* **Problem to work on**: In the listing that follows, the lines starting at the one containing "Petugas kepolisian saat" and ending at the one containing "including one wedding" are to be returned exactly, both boundary lines included, and no others.

* **Given records**:
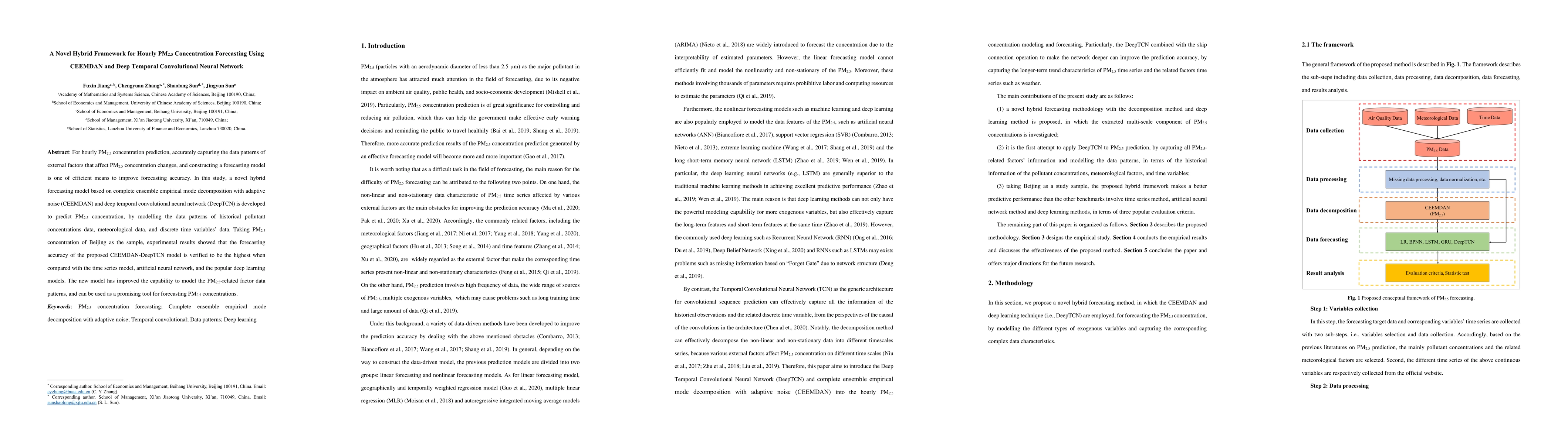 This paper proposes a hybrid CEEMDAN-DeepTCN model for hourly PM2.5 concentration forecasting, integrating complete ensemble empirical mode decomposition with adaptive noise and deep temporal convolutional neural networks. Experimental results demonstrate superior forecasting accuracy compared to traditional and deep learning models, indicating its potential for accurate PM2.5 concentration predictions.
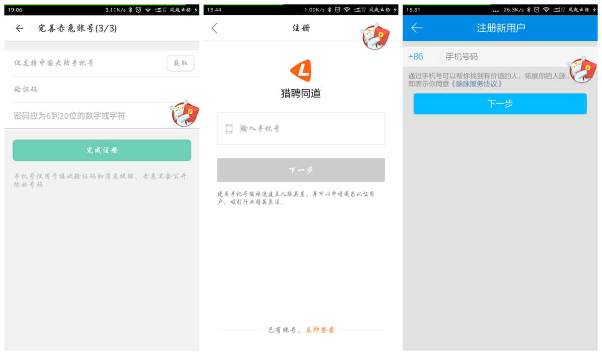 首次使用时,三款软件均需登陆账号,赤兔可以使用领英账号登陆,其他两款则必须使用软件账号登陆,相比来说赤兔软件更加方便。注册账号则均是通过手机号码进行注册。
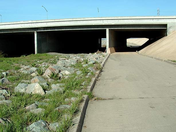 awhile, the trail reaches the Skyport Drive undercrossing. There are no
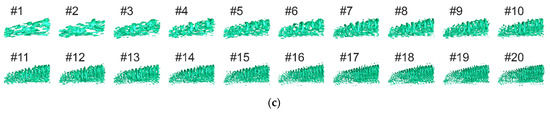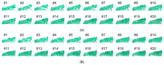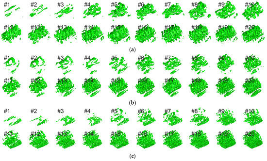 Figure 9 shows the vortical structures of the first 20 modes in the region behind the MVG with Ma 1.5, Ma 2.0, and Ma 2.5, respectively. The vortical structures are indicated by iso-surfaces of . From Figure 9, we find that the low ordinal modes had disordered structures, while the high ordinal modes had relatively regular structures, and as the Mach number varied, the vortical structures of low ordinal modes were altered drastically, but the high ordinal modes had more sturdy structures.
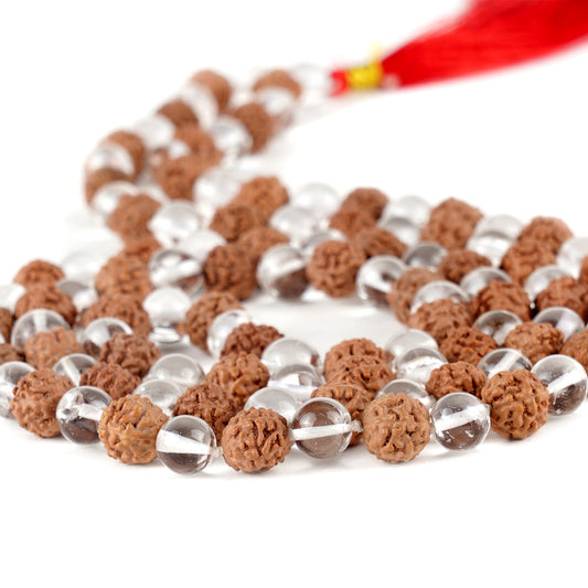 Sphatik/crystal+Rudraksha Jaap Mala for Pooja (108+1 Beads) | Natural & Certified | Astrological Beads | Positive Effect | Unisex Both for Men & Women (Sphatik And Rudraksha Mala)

--

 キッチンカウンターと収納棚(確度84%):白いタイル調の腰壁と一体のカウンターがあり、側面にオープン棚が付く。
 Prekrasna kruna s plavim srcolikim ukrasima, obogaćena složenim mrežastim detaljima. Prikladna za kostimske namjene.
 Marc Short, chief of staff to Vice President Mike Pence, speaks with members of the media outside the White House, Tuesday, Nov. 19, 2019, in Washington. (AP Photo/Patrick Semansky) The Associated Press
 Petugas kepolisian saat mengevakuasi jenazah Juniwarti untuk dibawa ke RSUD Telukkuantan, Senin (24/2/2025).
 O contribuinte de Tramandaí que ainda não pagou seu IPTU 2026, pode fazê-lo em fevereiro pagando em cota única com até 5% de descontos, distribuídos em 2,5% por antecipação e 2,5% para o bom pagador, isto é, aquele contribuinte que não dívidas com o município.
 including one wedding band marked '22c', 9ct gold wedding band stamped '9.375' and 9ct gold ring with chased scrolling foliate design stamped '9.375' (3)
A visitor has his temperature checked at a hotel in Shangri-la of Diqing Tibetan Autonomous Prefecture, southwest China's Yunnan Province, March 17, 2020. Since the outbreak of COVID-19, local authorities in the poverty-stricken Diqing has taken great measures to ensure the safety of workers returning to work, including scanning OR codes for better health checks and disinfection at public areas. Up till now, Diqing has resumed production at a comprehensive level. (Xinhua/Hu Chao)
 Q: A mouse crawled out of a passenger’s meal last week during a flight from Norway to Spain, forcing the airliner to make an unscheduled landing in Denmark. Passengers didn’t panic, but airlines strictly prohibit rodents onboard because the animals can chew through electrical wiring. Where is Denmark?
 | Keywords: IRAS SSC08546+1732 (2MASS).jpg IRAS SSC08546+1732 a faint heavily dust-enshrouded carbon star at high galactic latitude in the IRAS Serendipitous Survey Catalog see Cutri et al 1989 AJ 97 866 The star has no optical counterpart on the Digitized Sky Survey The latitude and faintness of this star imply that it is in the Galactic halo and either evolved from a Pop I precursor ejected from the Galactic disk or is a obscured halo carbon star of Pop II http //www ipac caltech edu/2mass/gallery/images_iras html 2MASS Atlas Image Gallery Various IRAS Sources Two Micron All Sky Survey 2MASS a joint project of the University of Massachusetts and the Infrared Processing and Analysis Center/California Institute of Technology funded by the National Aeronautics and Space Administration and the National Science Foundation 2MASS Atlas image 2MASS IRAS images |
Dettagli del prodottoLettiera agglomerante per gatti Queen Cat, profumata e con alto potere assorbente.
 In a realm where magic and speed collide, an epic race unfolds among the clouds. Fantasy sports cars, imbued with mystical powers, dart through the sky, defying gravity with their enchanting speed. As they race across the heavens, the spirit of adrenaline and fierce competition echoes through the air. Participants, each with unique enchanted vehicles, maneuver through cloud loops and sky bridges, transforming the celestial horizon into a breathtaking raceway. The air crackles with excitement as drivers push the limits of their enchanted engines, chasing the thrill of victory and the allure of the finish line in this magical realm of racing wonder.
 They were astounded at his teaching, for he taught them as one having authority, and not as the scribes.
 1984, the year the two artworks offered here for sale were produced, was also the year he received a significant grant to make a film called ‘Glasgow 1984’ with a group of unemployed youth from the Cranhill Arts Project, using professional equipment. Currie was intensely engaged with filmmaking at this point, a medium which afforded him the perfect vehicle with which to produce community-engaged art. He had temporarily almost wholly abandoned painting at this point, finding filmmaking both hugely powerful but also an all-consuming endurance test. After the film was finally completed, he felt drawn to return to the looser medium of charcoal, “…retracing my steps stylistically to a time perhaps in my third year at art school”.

* **Exercise answer**:
 Petugas kepolisian saat mengevakuasi jenazah Juniwarti untuk dibawa ke RSUD Telukkuantan, Senin (24/2/2025).
 O contribuinte de Tramandaí que ainda não pagou seu IPTU 2026, pode fazê-lo em fevereiro pagando em cota única com até 5% de descontos, distribuídos em 2,5% por antecipação e 2,5% para o bom pagador, isto é, aquele contribuinte que não dívidas com o município.
 including one wedding band marked '22c', 9ct gold wedding band stamped '9.375' and 9ct gold ring with chased scrolling foliate design stamped '9.375' (3)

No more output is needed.